Exercise:
Please retype the entries below word for word, passing over every picture.

Record set:
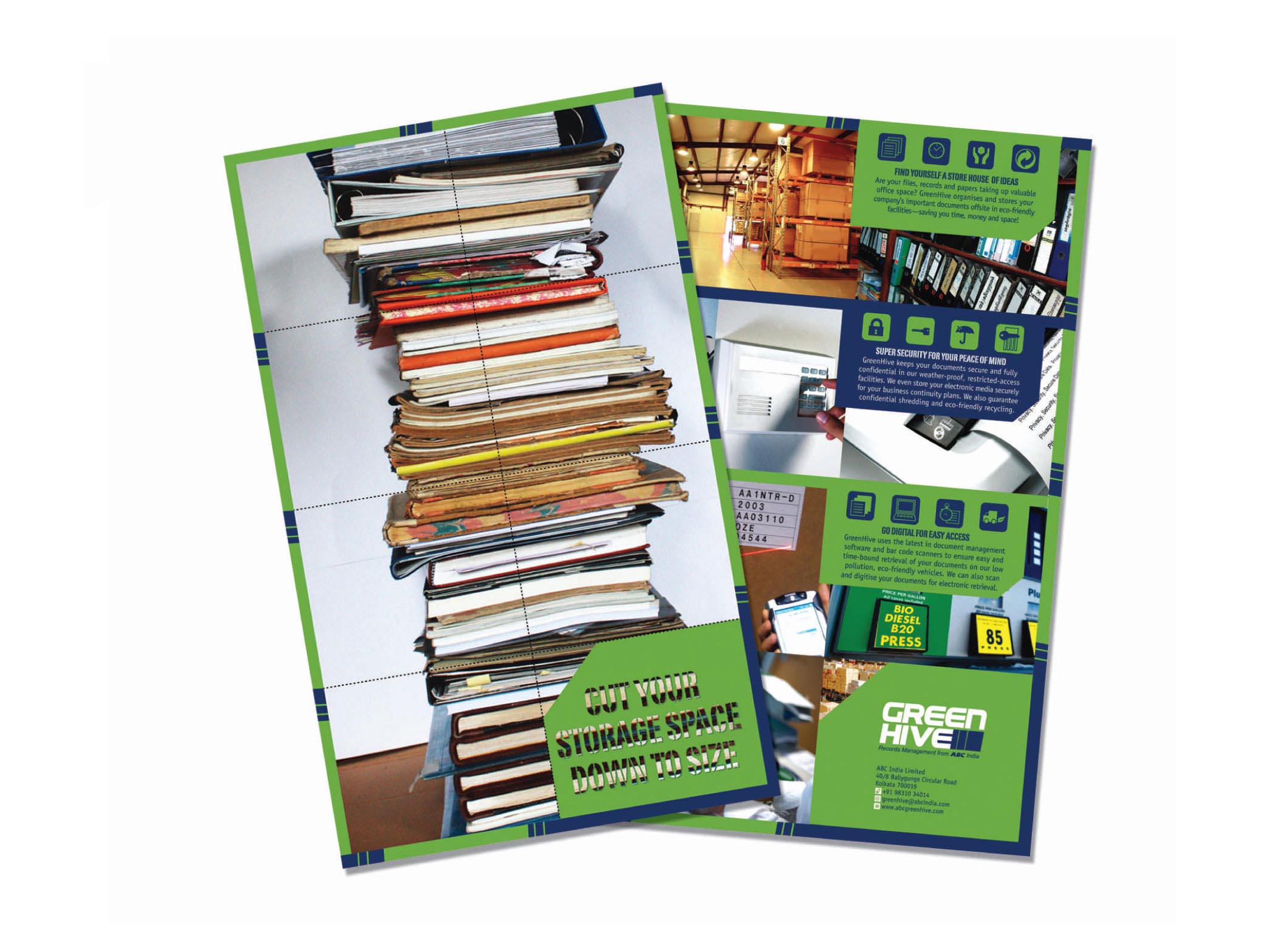 The foldable leaflet that was created for Green Hive uses a neat grid design with pictures of the Company’s various storage. Seek more
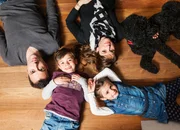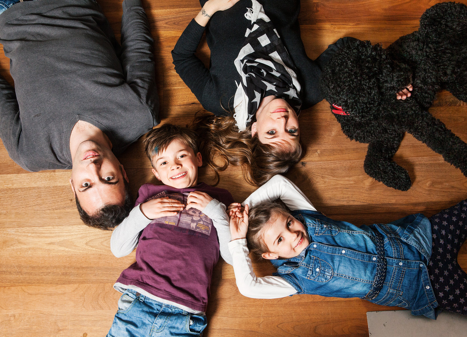 Familiensache (4)Familie Mäder: Patrik und Maria Mäder mit ihren Kindern Yannik und Joline und Königspudel PequenitaBild: © SRF/Miriam Künzli
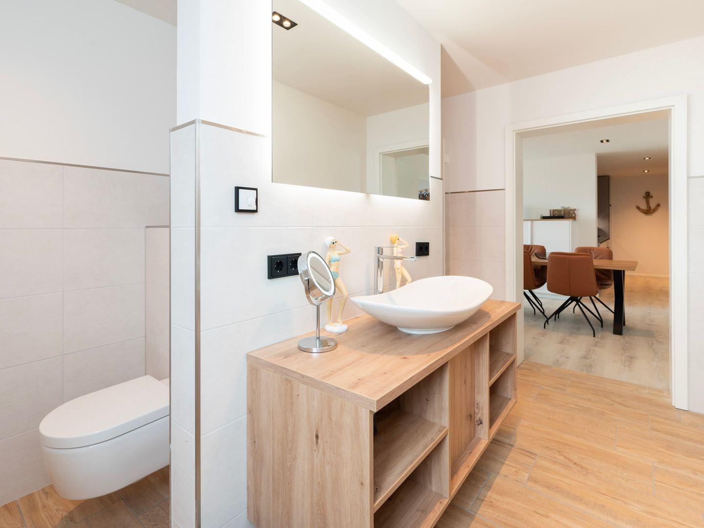 Ein weiteres Highlight der Wohnung ist das stilvolle Badezimmer mit bodengleicher Dusche, Waschbecken, WC und großen Fenstern, die für eine helle Atmosphäre sorgen. Die Fußbodenheizung und die Wärme der Einrichtung schaffen eine wohlige Atmosphäre, die zum Entspannen einlädt. Zusätzlich stehen Ihnen praktische Annehmlichkeiten wie eine Waschmaschine, ein Trockner und kostenfreies WLAN zur Verfügung.
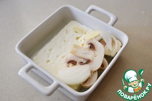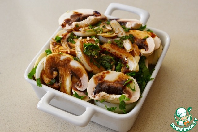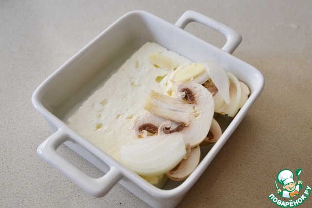 На фету выкладываем лук, чеснок, шампиньоны и петрушку.
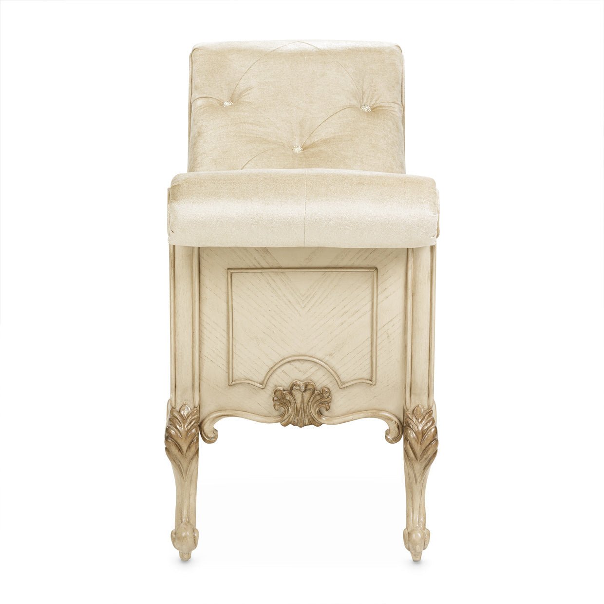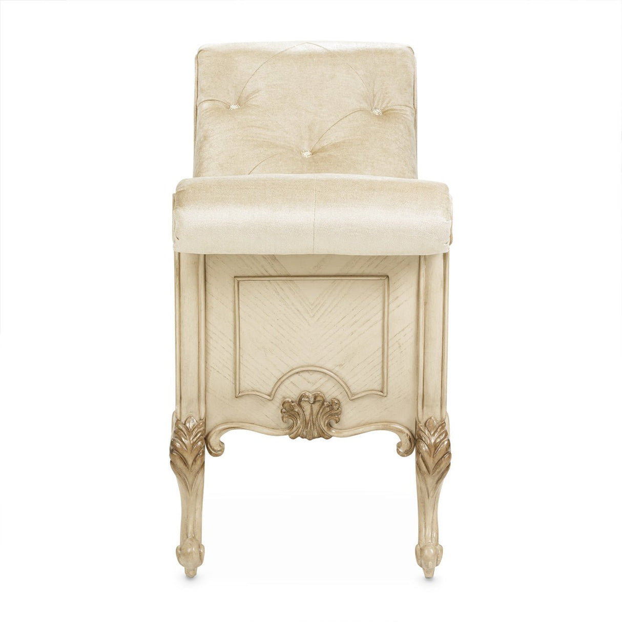 El banco de cama Platine De Royale sin almacenaje de AICO Furniture captura la esencia del diseño francés del siglo XVIII con una imponente silueta en forma de S y detalles de alta costura. Su estructura de madera tallada presenta un acabado en un delicado tono champán envejecido, que irradia encanto vintage y profundidad artesanal. Tapizado en radiante terciopelo con estampado metalizado y adornado con capitoné de cristal pavé, este banco ofrece glamour, comodidad y un estilo atemporal; perfecto a los pies de la cama, bajo una ventana o como un detalle independiente en cualquier espacio refinado.
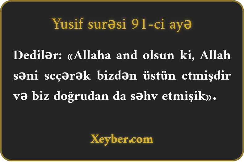 "(Qardaşlar) dedilər: "And olsun Allaha, Allah səni bizdən üstün edib, həqiqətən, biz xətakar olmuşuq.”
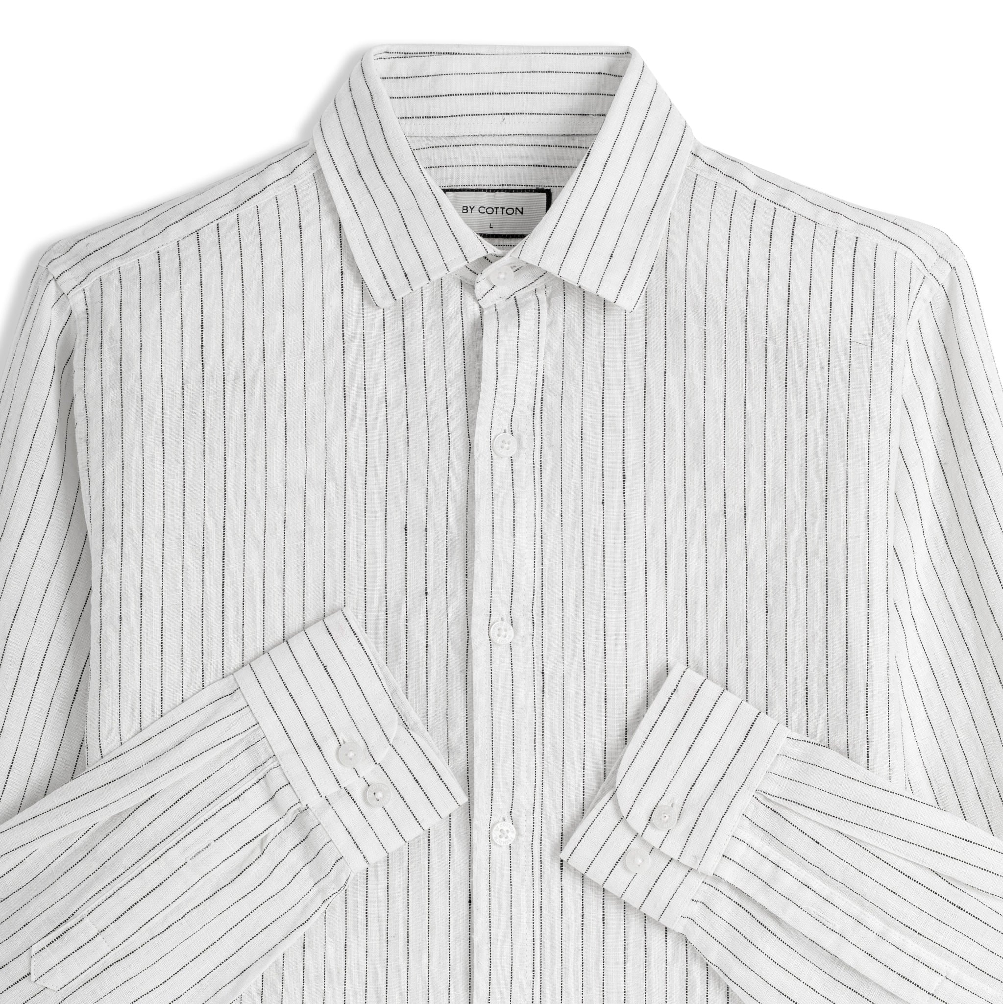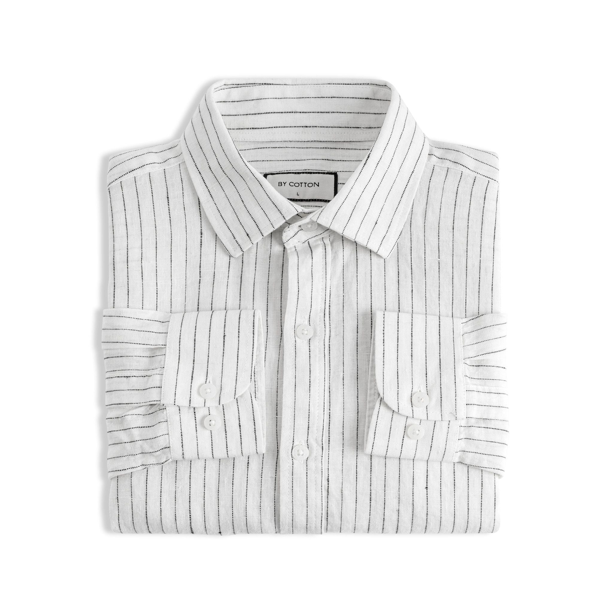 Áo Sơ Mi Nam By Cotton Linen Trắng Sọc Đen
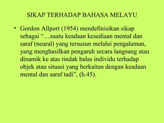 Dokumen ini membincangkan isu-isu semasa sikap terhadap bahasa Melayu, termasuk definisi sikap oleh Gordon Allport dan Kuper & Kuper serta jenis sikap kebahasaan dan nonkebahasaan. Terdapat cabaran terhadap bahasa Melayu seperti kejatuhan nilai dan jurang kelas, serta strategi untuk mengatasi sikap negatif seperti pembinaan budaya ilmu. Langkah susulan termasuk kempen dan promosi untuk menjadikan bahasa Melayu sebagai bahasa ilmu dan akademik.
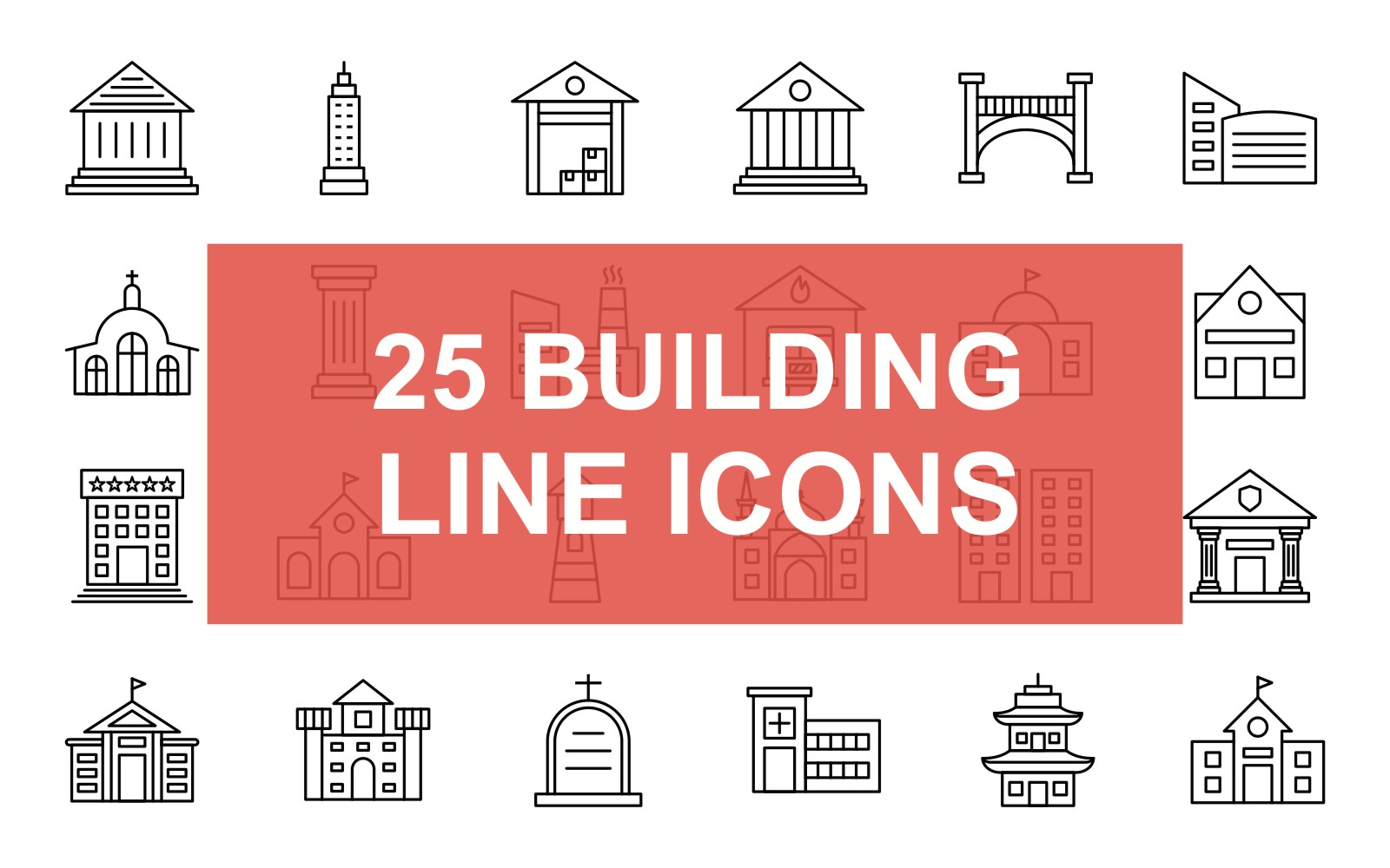 Download Набор иконок "25 Building Line Icon Set" / 25 Building Line Icon Set - Набор иконок на тему графика bank,bridge,building,castle,church,factory,fir,station,home,house,hospital,hotel,library,lighthouse,mosque,museum,office,temple,school,university
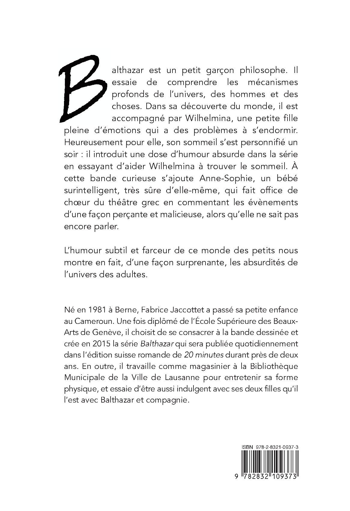 Né en 1981 à Berne, Fabrice Jaccottet a passé sa petite enfance au Cameroun. Une fois diplômé de l’École Supérieure des Beaux-Arts de Genève, il choisit de se consacrer à la bande dessinée et crée en 2015 la série Balthazar qui sera publiée quotidiennement dans l’édition suisse romande de 20 Minutes durant près de deux ans. En outre, il travaille comme magasinier à la Bibliothèque Municipale de la Ville de Lausanne pour entretenir sa forme physique, et essaie d’être aussi indulgent avec ses deux filles qu’il l’est avec Balthazar et compagnie.
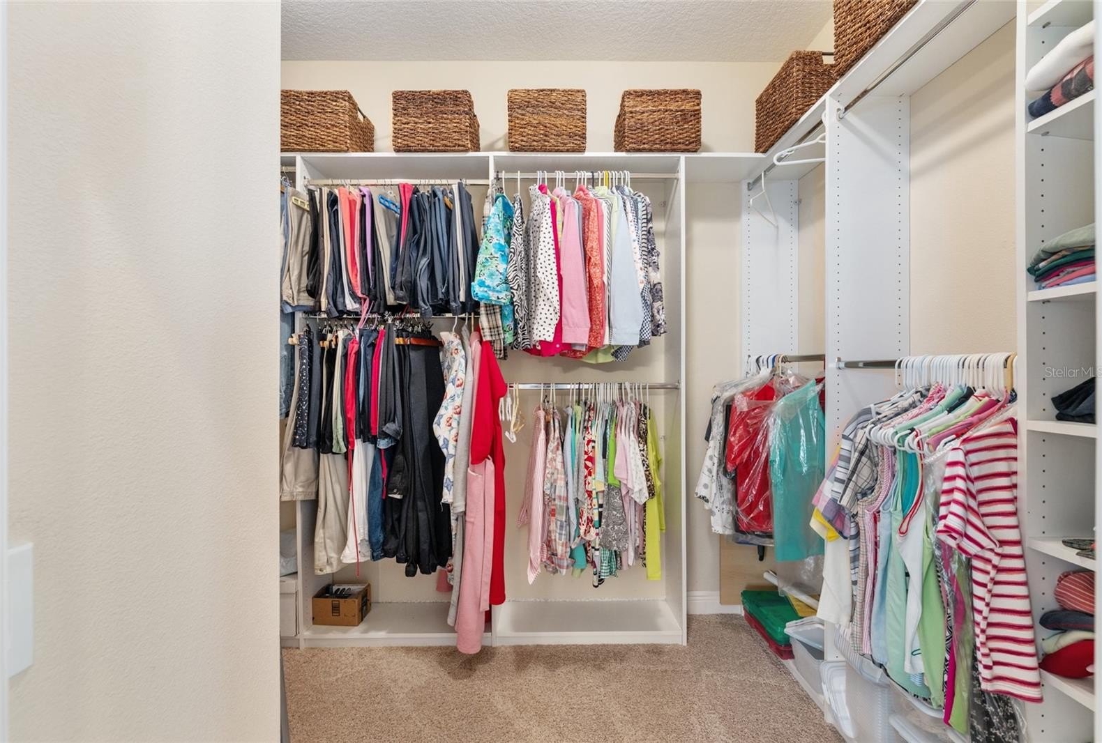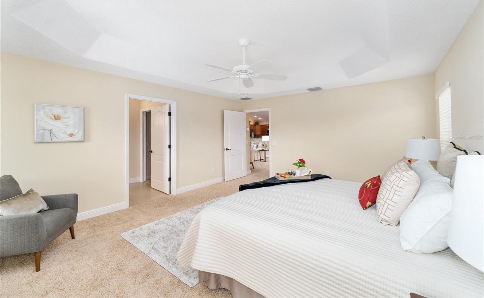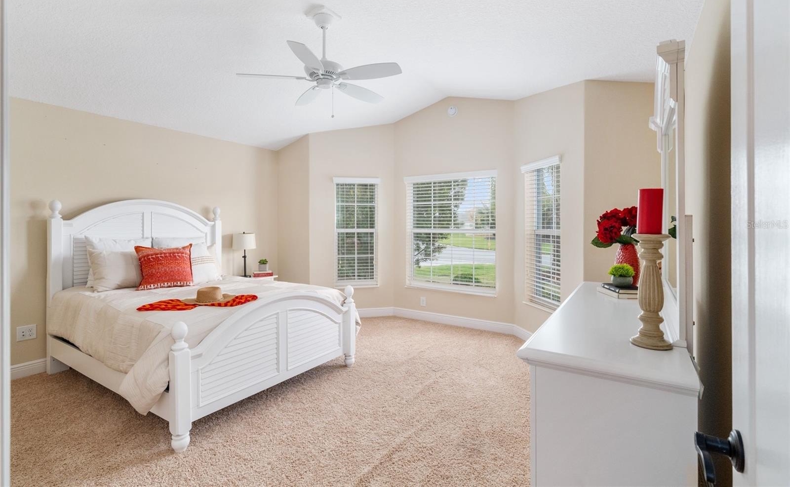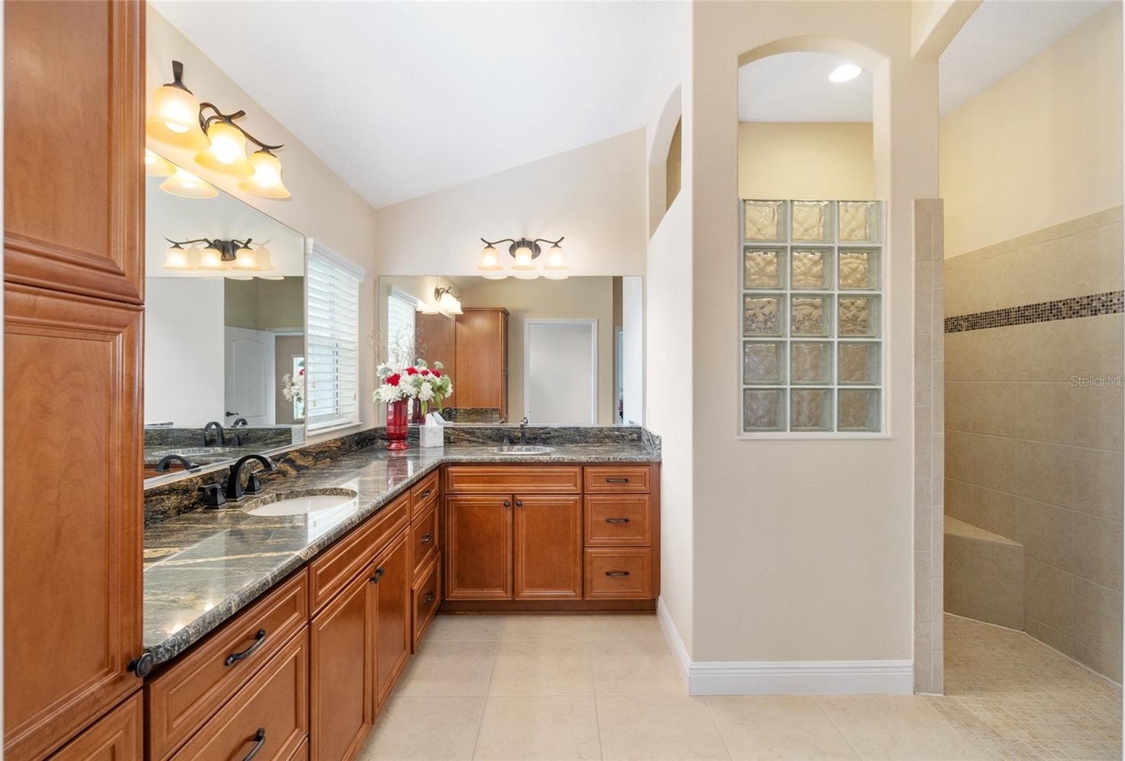 The PRIMARY SUITE is spacious and airy, featuring TRAY CEILINGS and FOUR LARGE WINDOWS that fill the room with Florida sunshine. The PRIMARY BATH includes DUAL GRANITE VANITIES, an ELEGANT TILED WALK-IN SHOWER, and a CUSTOM WALK-IN CLOSET with ample shelving and storage.

Your solution:
 The foldable leaflet that was created for Green Hive uses a neat grid design with pictures of the Company’s various storage. Seek more
 Familiensache (4)Familie Mäder: Patrik und Maria Mäder mit ihren Kindern Yannik und Joline und Königspudel PequenitaBild: © SRF/Miriam Künzli
 Ein weiteres Highlight der Wohnung ist das stilvolle Badezimmer mit bodengleicher Dusche, Waschbecken, WC und großen Fenstern, die für eine helle Atmosphäre sorgen. Die Fußbodenheizung und die Wärme der Einrichtung schaffen eine wohlige Atmosphäre, die zum Entspannen einlädt. Zusätzlich stehen Ihnen praktische Annehmlichkeiten wie eine Waschmaschine, ein Trockner und kostenfreies WLAN zur Verfügung.
 На фету выкладываем лук, чеснок, шампиньоны и петрушку.
 El banco de cama Platine De Royale sin almacenaje de AICO Furniture captura la esencia del diseño francés del siglo XVIII con una imponente silueta en forma de S y detalles de alta costura. Su estructura de madera tallada presenta un acabado en un delicado tono champán envejecido, que irradia encanto vintage y profundidad artesanal. Tapizado en radiante terciopelo con estampado metalizado y adornado con capitoné de cristal pavé, este banco ofrece glamour, comodidad y un estilo atemporal; perfecto a los pies de la cama, bajo una ventana o como un detalle independiente en cualquier espacio refinado.
 "(Qardaşlar) dedilər: "And olsun Allaha, Allah səni bizdən üstün edib, həqiqətən, biz xətakar olmuşuq.”
 Áo Sơ Mi Nam By Cotton Linen Trắng Sọc Đen
 Dokumen ini membincangkan isu-isu semasa sikap terhadap bahasa Melayu, termasuk definisi sikap oleh Gordon Allport dan Kuper & Kuper serta jenis sikap kebahasaan dan nonkebahasaan. Terdapat cabaran terhadap bahasa Melayu seperti kejatuhan nilai dan jurang kelas, serta strategi untuk mengatasi sikap negatif seperti pembinaan budaya ilmu. Langkah susulan termasuk kempen dan promosi untuk menjadikan bahasa Melayu sebagai bahasa ilmu dan akademik.
 Download Набор иконок "25 Building Line Icon Set" / 25 Building Line Icon Set - Набор иконок на тему графика bank,bridge,building,castle,church,factory,fir,station,home,house,hospital,hotel,library,lighthouse,mosque,museum,office,temple,school,university
 Né en 1981 à Berne, Fabrice Jaccottet a passé sa petite enfance au Cameroun. Une fois diplômé de l’École Supérieure des Beaux-Arts de Genève, il choisit de se consacrer à la bande dessinée et crée en 2015 la série Balthazar qui sera publiée quotidiennement dans l’édition suisse romande de 20 Minutes durant près de deux ans. En outre, il travaille comme magasinier à la Bibliothèque Municipale de la Ville de Lausanne pour entretenir sa forme physique, et essaie d’être aussi indulgent avec ses deux filles qu’il l’est avec Balthazar et compagnie.
 The PRIMARY SUITE is spacious and airy, featuring TRAY CEILINGS and FOUR LARGE WINDOWS that fill the room with Florida sunshine. The PRIMARY BATH includes DUAL GRANITE VANITIES, an ELEGANT TILED WALK-IN SHOWER, and a CUSTOM WALK-IN CLOSET with ample shelving and storage.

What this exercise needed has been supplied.